Sunday 25 February 2018

Working it out - A diet in case I meet Juliette Binoche

Juliette Binoche
Juliette Binoche

John Masterson

It always amazes me how often other people mention the doctor. I am disturbingly healthy. I last missed a day's 'work' when I was in secondary school and was poleaxed with the flu. The result is that I never believe people who say they have the flu now, unless they are properly ill. Most have a head cold, and I do get those. Being male, I keep going and infect everyone in my path. I do concede that this is bad manners, but it is part of what I am.

Some years ago, I began to feel unwell and tired. I didn't even have a GP. I found one and after a while he discovered that I was coeliac. He also told me I had high cholesterol but I think they all say that. I ignored his advice to take some drug. I like my drug-free life and will probably drop dead tomorrow. Doctors think of cure. I think side-effects. All doctors tell you to lose weight, and there is no need to pay for that.

The coeliac cure is simple. Do not eat gluten. Within days, I felt better. Within weeks, I was back to myself. I could eat vegetables, meat, fish, eggs, fruit. I could not eat bread, pasta, cakes, biscuits and the like. This was not a problem except that it is a bit a pain when you want a quick snack. A burger is out and a sandwich is as welcome as strychnine.

Frequently, these munchies strike at the middle of the day. One of the faults with male psychology is that if we have been well behaved, and our standards are low, then we deserve a reward. It is very easy to say that because you haven't eaten biscuits for a year you deserve an ice cream or a bar of chocolate. And to convince yourself not to look too closely at the label in case there is a tincture of gluten in there. Before long, I found that I hadn't eaten biscuits or cake or bread for several years and had rewarded myself most weeks with more chocolate and ice cream than any primary schooler would put away at a birthday party.
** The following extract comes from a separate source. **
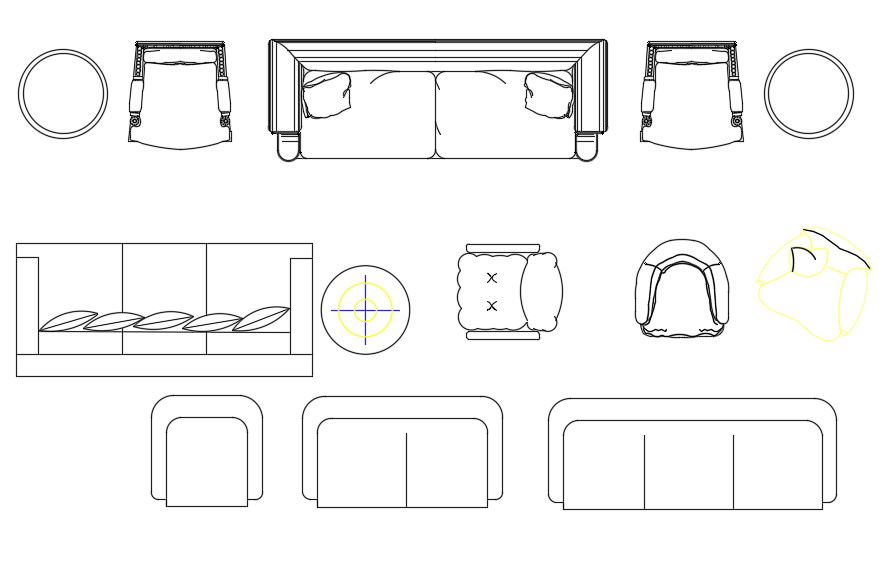 2d DWG Blocks of AutoCAD drawing having detail of sofa set furniture top view design which consist 1 seater, 2 seater and 3 seater. Download free DWG file of sofa set furniture blocks that use in drawing room, living lounge, and family room.

I learned this from the only thing in life that doesn't lie. The weighing scales.

After years of never quite giving up the junk, I have now come up with a method that works. I call it the Free Pass diet. My Free Pass is Juliette Binoche. This is not a problem. Anyone smart enough to love me would also be smart enough to know I hadn't a chance. Myself? I fondly think I might have a slim chance under the right circumstances. One never knows when those particular circumstances will materialise. And this is the key to eating well. Juliette could be at the petrol station where I'm buying my treat. So I conjure up the image of having my gob wrapped around a choc ice with melted bits dripping on my shirt when there is a knock on the window and there she is, asking directions to Kilkenny.

Junk food has not passed my lips since. I live in hope.